CD4 helper T cells are important immunoprotectants with specialized functions; Th1 protect against intracellular pathogens, Th2 against helminths, and Th17 against fungi and extracellular bacteria [14], [15]. Th17 cells produce IL17A and IL17F, which activate IL17R-expressing cells to produce inflammatory chemokines and cytokines including granulocyte-colony stimulating factor (G-CSF), facilitating granulopoiesis and neutrophil recruitment [16], [17], [18]. Although the recognition of Th17 cells as a unique lineage among CD4 T cells is relatively recent, their developmental pathway has been characterized in substantial details. Polarization of naive CD4 cells to the Th17 lineage requires transforming growth factor (TGF)-β and IL-6 [19], [20]. Retinoic acid receptor-related orphan receptor gamma t (RORγt) is the key transcription factor (‘master regulator’) for IL-17 production [21], as IL-17 expression is blocked by RORγt antagonists (digoxin [22], SR1001 [23], and TMP778 [24]). Central events of Th17 differentiation are mammalian target of rapamycin (mTOR) activation and increased glycolysis orchestrated by transcription factor hypoxia-inducible factor 1-alpha (HIF-1α) [25], [26]. Th17 cells themselves are not pathogenic, but can be converted into pathogenic CD4 cells under the priming of myeloid cell-derived IL-23 [27]. These pathogenic CD4 cells lose IL-17-producing ability and produce IFNγ and GM-CSF instead [28], [29], [30], [31]. Altogether, the known factors that determine the Th17 cell generation fall into three categories: (i) cytokines (TGF-β, IL-6 and IL-23), (ii) transcription factors (RORγt) and (iii) metabolic regulators (mTOR, HIF-1α). In recent studies we discovered a novel SerpinB1-dependent proteolysis regulation of Th17 cell differentiation program [12], [13].

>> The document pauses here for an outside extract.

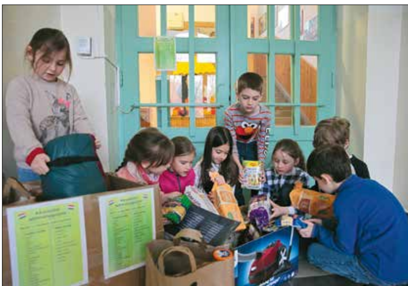
A Zugligeti Általános Iskola diákjai is gyűjtöttek a menekülteknek

veszik igénybe ezt a lehetőséget. Mindenkinek biztosított a napi háromszori étkezés és a tisztálkodási lehetőség.

The involvement of SerpinB1 in Th17 regulatory mechanism was first hinted by the study of SerpinB1 KO (serpinb1a^−/−) mice in influenza-infection [7]. Soon we found that SerpinB1 deficiency leads to selective expansion of IL-17⁺ γδ T cells in influenza infection and at steady stage [10]. Subsequently we found that the gene (serpinb1a) is selectively expressed late during Th17 differentiation through systematic evaluation of SerpinB1 expression in CD4 cells [12]. Most recently, our study showed that SerpinB1 expression is downstream of IL-23 signaling, and its expression maintains the survival of pathogenic Th17 cells in vivo. Deficiency of SerpinB1 largely protects mice from experimental autoimmune encephalomyelitis [13].

In the current study, we demonstrated that SerpinB1 plays a key role in conferring Th17 cells the pathogenic signature upon IL-23 priming; we also investigated the events that regulate the SerpinB1 expression in Th17 cells, and discovered that SerpinB1 expression in Th17 cells is RORγt independent, however is HIF-1α/mTOR/glycolysis dependent.